## Law of Sines

The law of sines establishes the relationship between the sides and angles of an oblique triangle(non-right triangle). Law of sines and law of cosines in trigonometry are important rules used for “solving a triangle”. According to the sine rule, the ratios of the side lengths of a triangle to the sine of their respective opposite angles are equal. Let us understand the sine law formula and its proof using solved examples in the following sections.

## What is Law of Sines?

The law of sines relates the ratios of side lengths of triangles to their respective opposite angles. This ratio remains equal for all three sides and opposite angles. We can therefore apply the sine rule to find the missing angle or side of any triangle using the requisite known data.

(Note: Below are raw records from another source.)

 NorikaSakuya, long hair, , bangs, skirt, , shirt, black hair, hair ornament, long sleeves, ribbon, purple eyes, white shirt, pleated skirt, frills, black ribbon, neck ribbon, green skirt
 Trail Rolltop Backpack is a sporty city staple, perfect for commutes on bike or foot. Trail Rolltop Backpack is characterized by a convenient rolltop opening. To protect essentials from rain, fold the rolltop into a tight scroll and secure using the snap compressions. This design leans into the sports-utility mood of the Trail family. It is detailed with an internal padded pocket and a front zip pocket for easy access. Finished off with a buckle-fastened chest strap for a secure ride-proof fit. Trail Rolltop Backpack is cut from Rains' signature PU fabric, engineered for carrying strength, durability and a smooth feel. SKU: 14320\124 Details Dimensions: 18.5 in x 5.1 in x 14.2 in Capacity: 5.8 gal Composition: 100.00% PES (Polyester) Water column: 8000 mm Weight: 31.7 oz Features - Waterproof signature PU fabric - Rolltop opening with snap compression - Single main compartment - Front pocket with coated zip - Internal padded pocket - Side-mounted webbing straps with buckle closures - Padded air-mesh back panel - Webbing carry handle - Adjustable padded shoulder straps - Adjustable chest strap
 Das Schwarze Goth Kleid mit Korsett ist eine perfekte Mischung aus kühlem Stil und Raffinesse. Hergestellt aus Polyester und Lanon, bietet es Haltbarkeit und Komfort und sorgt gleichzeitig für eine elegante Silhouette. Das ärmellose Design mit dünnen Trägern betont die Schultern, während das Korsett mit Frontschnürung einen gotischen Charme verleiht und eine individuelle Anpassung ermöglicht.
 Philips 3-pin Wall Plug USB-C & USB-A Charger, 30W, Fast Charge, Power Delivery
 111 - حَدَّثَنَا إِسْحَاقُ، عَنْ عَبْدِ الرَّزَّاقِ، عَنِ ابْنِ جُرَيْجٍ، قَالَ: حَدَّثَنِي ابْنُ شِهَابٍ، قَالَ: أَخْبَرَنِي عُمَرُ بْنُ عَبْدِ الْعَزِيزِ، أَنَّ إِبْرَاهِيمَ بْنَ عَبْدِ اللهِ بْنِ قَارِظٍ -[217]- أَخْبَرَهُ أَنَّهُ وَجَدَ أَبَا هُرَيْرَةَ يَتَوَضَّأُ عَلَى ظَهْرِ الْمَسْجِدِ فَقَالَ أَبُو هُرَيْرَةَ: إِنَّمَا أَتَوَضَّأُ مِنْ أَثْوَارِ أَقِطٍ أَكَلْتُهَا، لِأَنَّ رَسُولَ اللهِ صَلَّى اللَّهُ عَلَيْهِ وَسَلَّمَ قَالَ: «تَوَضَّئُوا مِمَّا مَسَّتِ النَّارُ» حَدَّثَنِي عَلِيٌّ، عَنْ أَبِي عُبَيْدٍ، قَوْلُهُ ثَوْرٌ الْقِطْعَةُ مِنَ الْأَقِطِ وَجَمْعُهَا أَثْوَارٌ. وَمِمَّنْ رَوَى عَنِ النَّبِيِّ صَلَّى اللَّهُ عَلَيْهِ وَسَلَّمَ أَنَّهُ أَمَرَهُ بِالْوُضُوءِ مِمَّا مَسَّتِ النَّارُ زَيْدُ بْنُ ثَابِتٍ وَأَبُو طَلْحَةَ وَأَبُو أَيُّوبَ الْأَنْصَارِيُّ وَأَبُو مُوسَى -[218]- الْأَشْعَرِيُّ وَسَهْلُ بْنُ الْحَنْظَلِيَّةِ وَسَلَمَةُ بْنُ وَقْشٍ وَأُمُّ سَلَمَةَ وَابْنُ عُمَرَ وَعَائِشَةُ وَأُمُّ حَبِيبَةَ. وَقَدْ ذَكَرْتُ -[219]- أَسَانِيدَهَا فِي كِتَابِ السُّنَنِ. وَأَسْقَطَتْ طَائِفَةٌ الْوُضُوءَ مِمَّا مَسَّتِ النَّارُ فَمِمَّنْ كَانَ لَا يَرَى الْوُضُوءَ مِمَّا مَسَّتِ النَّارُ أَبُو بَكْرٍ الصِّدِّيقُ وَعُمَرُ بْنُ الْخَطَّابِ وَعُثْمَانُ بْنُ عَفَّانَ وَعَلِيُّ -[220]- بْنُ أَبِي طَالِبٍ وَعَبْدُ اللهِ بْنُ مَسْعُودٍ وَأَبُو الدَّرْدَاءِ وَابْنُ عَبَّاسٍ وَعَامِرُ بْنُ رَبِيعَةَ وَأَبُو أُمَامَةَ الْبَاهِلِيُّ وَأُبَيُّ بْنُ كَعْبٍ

### Law of Sines: Definition

The ratio of the side and the corresponding angle of a triangle is equal to the diameter of the circumcircle of the triangle. The sine law is can therefore be given as,

a/sinA = b/sinB = c/sinC = 2R

- Here a, b, c are the lengths of the sides of the triangle.
- A, B, and C are the angle of the triangle.
- R is the radius of the circumcircle of the triangle.

## Law of Sines Formula

The law of sines formula is used for relating the lengths of the sides of a triangle to the sines of consecutive angles. It is the ratio of the length of the side of the triangle to the sine of the angle thus formed between the other two remaining sides. The law of sines formula is used for any triangle apart from SAS triangle and SSS triangle. It says,

a/sin A = b/sin B = c/sin C

where,

- a, b, and c are the lengths of the triangle
- A, B, and C are the angles of the triangle.

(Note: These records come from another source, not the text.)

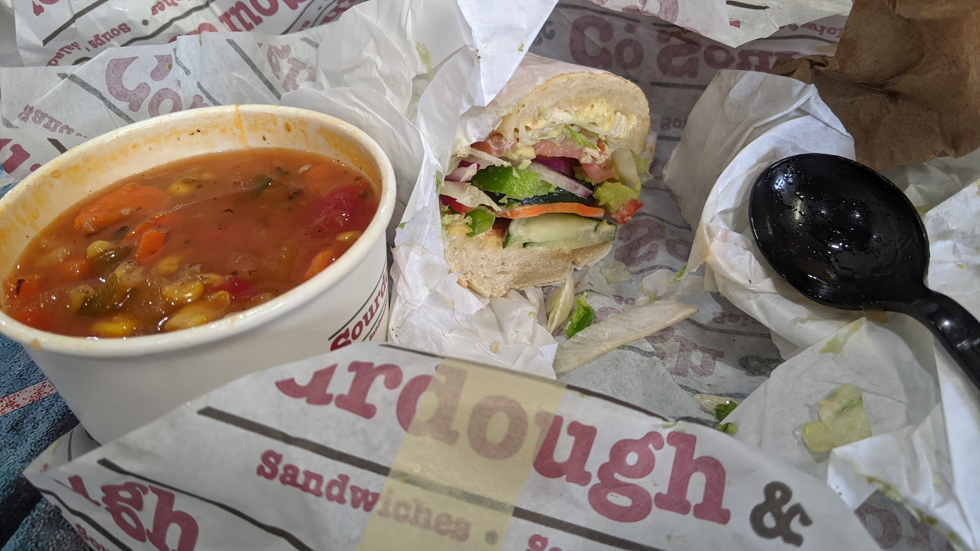 Read moreGood food, inside the station, vegetarian options and good service. We got a Reuben and a Veggie, and they were good sandwiches. The sourdough was a good texture, crisp outside and tender inside, the Reuben had a lot of mustard but wasn't bad, the veggie comes with avocado but no protein unfortunately. There is also cheese and mayo on it default so if you want it vegan just order without Mayo and cheese I think. The fire-roasted vegetable soup was good and had A LOT of veggie chunks in it which was great. Coke products and Mr. Pibb too! I liked the number of selections they have and the staff was very friendly, helping a younger customer figure out her order...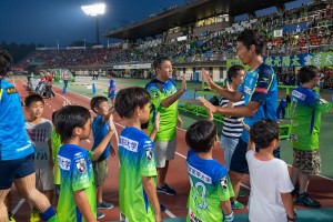 ハーフタイムにはパイロット社員の皆さんによるスタンドへのボール投げ入れが行われました。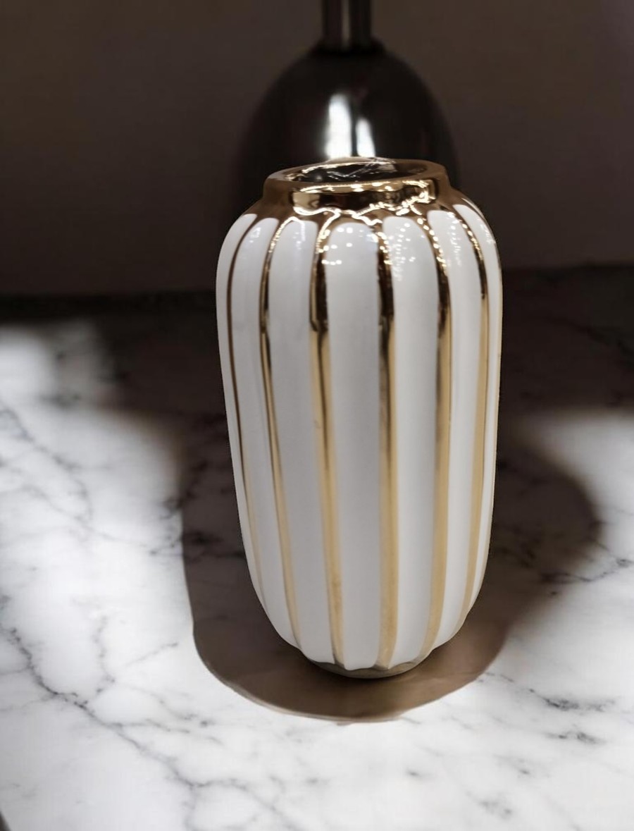 Elegantna vaza bele boje sa zlatnim detaljima, idealna za izlaganje svežeg ili sušenog cveća, ali i kao samostalni dekorativni detalj u domu. Dodaje sofisticiran i luksuzan šarm svakoj prostoriji.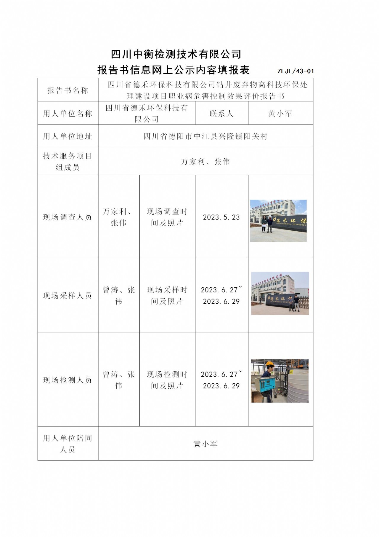 四川省德禾環保科技有限公司鉆井廢棄物高科技環保處理建設項目職業病危害控制效果評價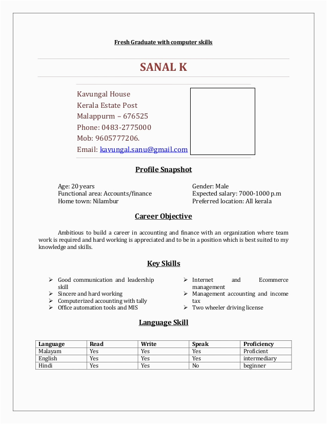 Subsequently you are searching for the absolute job, you will of course want to put your best foot direct similar to an impressive and well-formatted resume. One quirk of assuring that you have such a resume is to download a sample resume for fresh graduate without work experience. These templates can have enough money you in the manner of the true resume you are looking for or suitably use them as a lead to create your own.

This formula can be represented in three different forms given as,

- a/sinA = b/sinB = c/sinC
- sinA/a = sinB/b = sinC/c
- a/b = sinA/sinB; a/c = sinA/sinC; b/c = sinB/sinC

**Example: Given a = 20 units c = 25 units and Angle C = 42º. Find the angle A of the triangle.**

**Solution:**

For the given data, we can use the following formula of sine law: a/sinA = b/sinB = c/sinC

⇒ 20/sin A = 25/sin 42º

⇒ sin A/20 = sin 42º/25

⇒ sin A = (sin 42º/25) × 20

⇒ sin A = (sin 42º/25) × 20

⇒ sin A = (0.6691/5) × 4

⇒ sin A = 0.5353

⇒ A = sin^{-1}(0.5363)

⇒ A = 32.36º

**Answer: ∠A = 32.36º**

## Proof of Law of Sines Formula

The law of sines is used to compute the remaining sides of a triangle, given two angles and a side. This technique is known as triangulation. It can also be applied when we are given two sides and one of the non-enclosed angles. But, in some such cases, the triangle cannot be uniquely determined by this given data, called the ambiguous case, and we obtain two possible values for the enclosed angle. To prove the sine law, we consider two oblique triangles as shown below.

In the first triangle, we have:

h/b = sinA

⇒ h = b sinA

In the second triangle, we have:

h/a = sinB

⇒ h = a sinB

Also, sin(180º – B) = sinB

Equalizing the h values from the above expressions, we have:

a sinB = b sinA

⇒ a/sinA = b/sinB

Similarly, we can derive a relation for sin A and sin C.

asinC = csinA

⇒ a/sinA = c/sinC

Combining the above two expressions, we have the following sine law.

a/sinA = b/sinB = c/sinC

**Tips and Tricks on Law of Sines**

- The triangulation technique is used to find the sides of a triangle when two angles and one side of a triangle is known. For this the sine law is helpful.
- This sine law of trigonometry should not be confused with the sine law in physics.
- Further deriving from this sine law we can also find the area of an oblique triangle.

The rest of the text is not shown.